On its way to India when it went down, and discovered only in 2008, researchers have scoured the ship’s remains to learn what they can about 16th century trade routes and the elephants from whom its ivory was poached.

An international team from Namibia, South Africa, the U.K. and the US collaborated to investigate the remains of the shipwreck. They traced the DNA contained in over 100 raw ivory tusks to determine exactly where the elephants originated, which turned out to be a bit of a surprise. The team released their findings in a study published Thursday in the journal Cell Press.

Ivory was among the main drivers of the trans-continental trading system connecting Europe, Africa and Asia through maritime trade routes in the earlier days of global commerce. European ships would sail around the west coast of Africa, take on some valuable cargo like gold and ivory, then sail around flipping it at Indian ports.

“Our analysis allowed us to connect these trade links more extensively by tracing the origin of the ivory to different habitats in West Africa,” said the study’s co-author, Ashley Coutu, a research fellow at the University of Oxford, in an email. 

“We know from archaeological evidence that West African trading centers and networks of exchange flourished for thousands of years before the sailing of the Bom Jesus, so there was an established regional network to move ivory over long distances and eventually to the coast for trade with Portuguese ships.”

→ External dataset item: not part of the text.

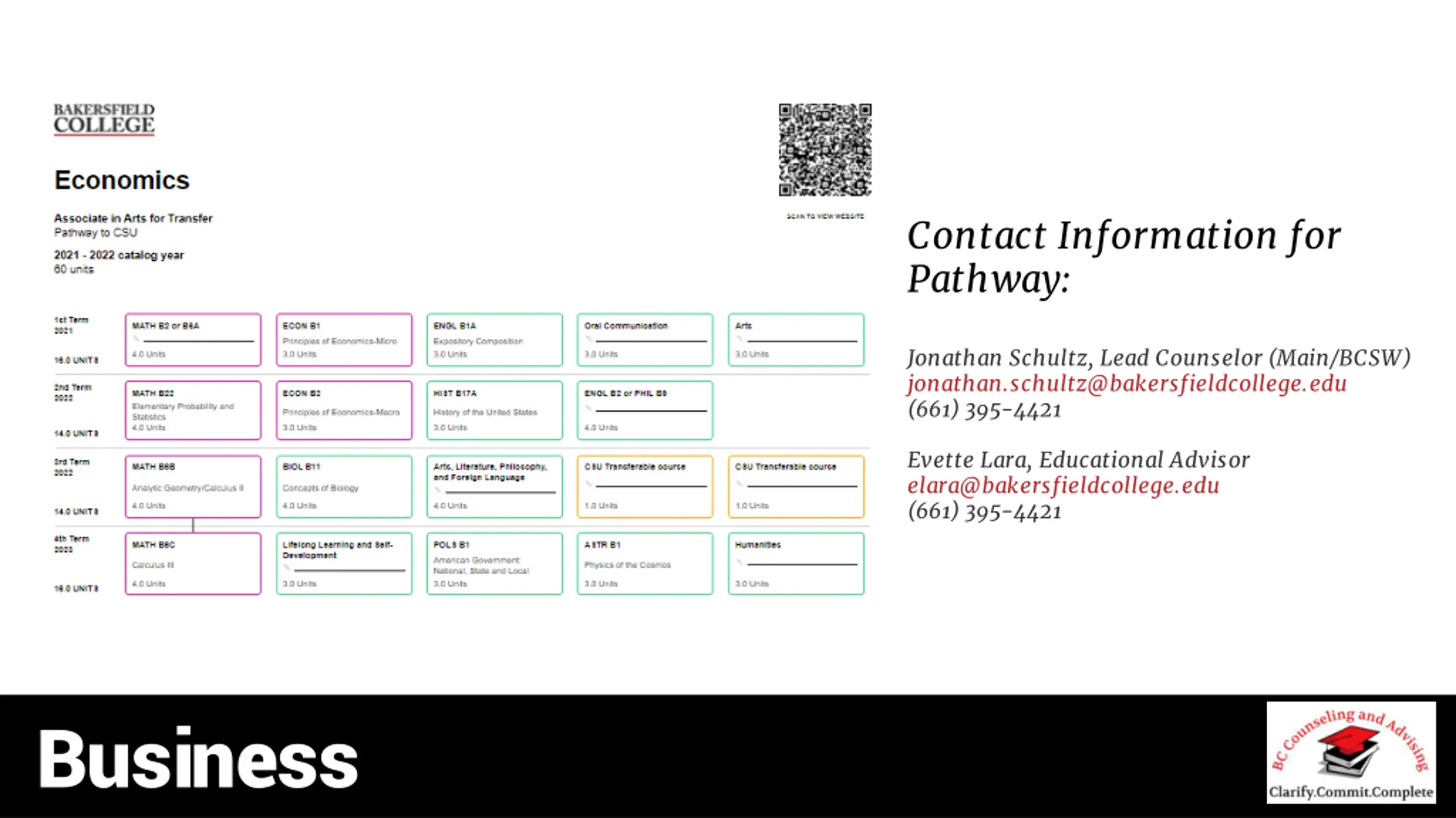 Contact Information for Pathway: Jonathan Schultz, Lead Counselor (Main/BCSW) jonathan.schultz@bakersfieldcollege.edu (661) 395-4421 Evette Lara, Educational Advisor elara@bakersfieldcollege.edu (661) 395-4421 Business

Combining paleogenomic, isotopic, archeological and historical methods, it took a true interdisciplinary approach to unravel this nearly 500-year-old puzzle. The team found that the tusks came from African forest elephants, not African savanna elephants, and from West rather than Central Africa as they had expected.

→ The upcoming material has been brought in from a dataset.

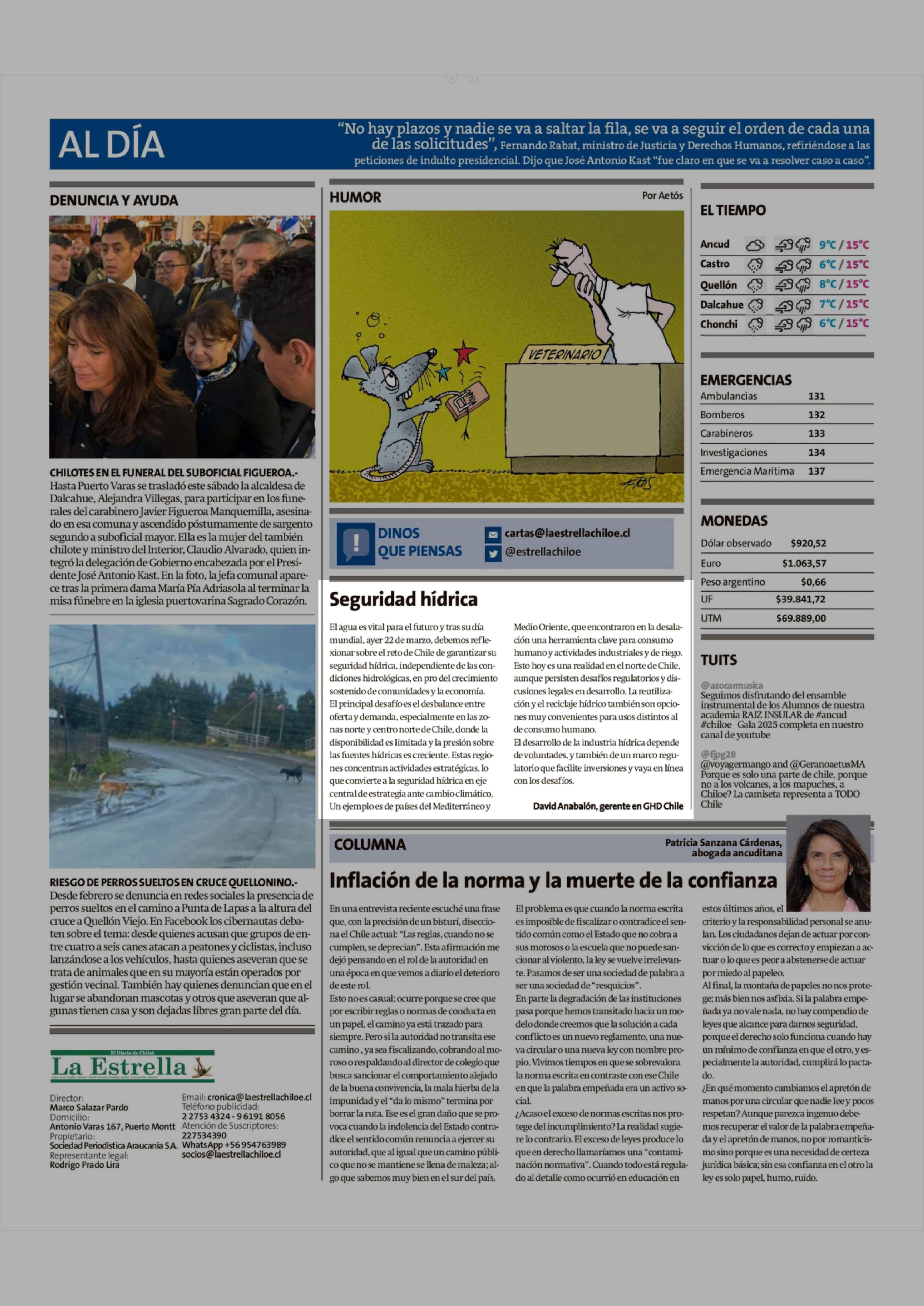 Cartas: Seguridad hídrica 23-03-2026 La Estrella de Chiloé |

“The isotope analysis determined that tusks were not from elephants in the deep tropical forests, but rather in mixed or savanna habitats, consistent with the locations of trading posts used by the Portuguese in West Africa,” said co-author Alfred Roca, a professor at the University of Illinois, in an email. “Most importantly this combination of DNA and isotope analyses could be used to examine ivory from other historic and archeological sites, to infer trade patterns in the past.”

Roca noted that the team did not find any two tusks from the same herd and said the isotope data indicates that the elephants came from somewhat different habitats and regions.

Certain DNA markers are passed down only along the matrilineal line — from mother to calf — namely mitochondrial DNA. By comparing mDNA sequences from the shipwreck ivory to those of geo-referenced elephants the researchers were able to pinpoint the precise regions and elephant species from which they originated.

The team successfully analyzed DNA from 44 tusks and performed isotope analysis on 97, confirming that the tusks were poached from African forest elephants. They were even able to determine the 17 West African herds the elephants once belonged to. 

Because the Portuguese were known to maintain extensive trading routes through the Kongo Kingdom, the expectation was that the ivory had originated there.

Four of the mitochondrial haplotypes uncovered are still found today in elephants from the region, and revealed that the elephants lived in mixed forest habitat, rather than deep in the rainforest.

“We initially analyzed the carbon and nitrogen stable isotope data from the tusks, which revealed that these elephants lived in a range of different habitats, encompassing savanna and woodland, but outside of the deep tropical forest,” Coutu said. “So, we were surprised when the ancient DNA results revealed that genetically, the tusks derived from African forest elephants.”

Coutu said that some West African forest elephants still live outside the tropical rainforest and inhabited both forest and woodland savanna habitats even before the drastic disturbance to the West African ecosystem over the past 500 years.

The team hopes their research and techniques can be applied going forward to help prevent poaching. They even developed software that allows mitochondrial DNA from confiscated ivory to be queried, which produces a map showing where similar sequences have been reported in the past. 

By tracking DNA from recovered elephant tusks, others can determine the location of major hotspots to apply scarce anti-poaching resources where they can help most.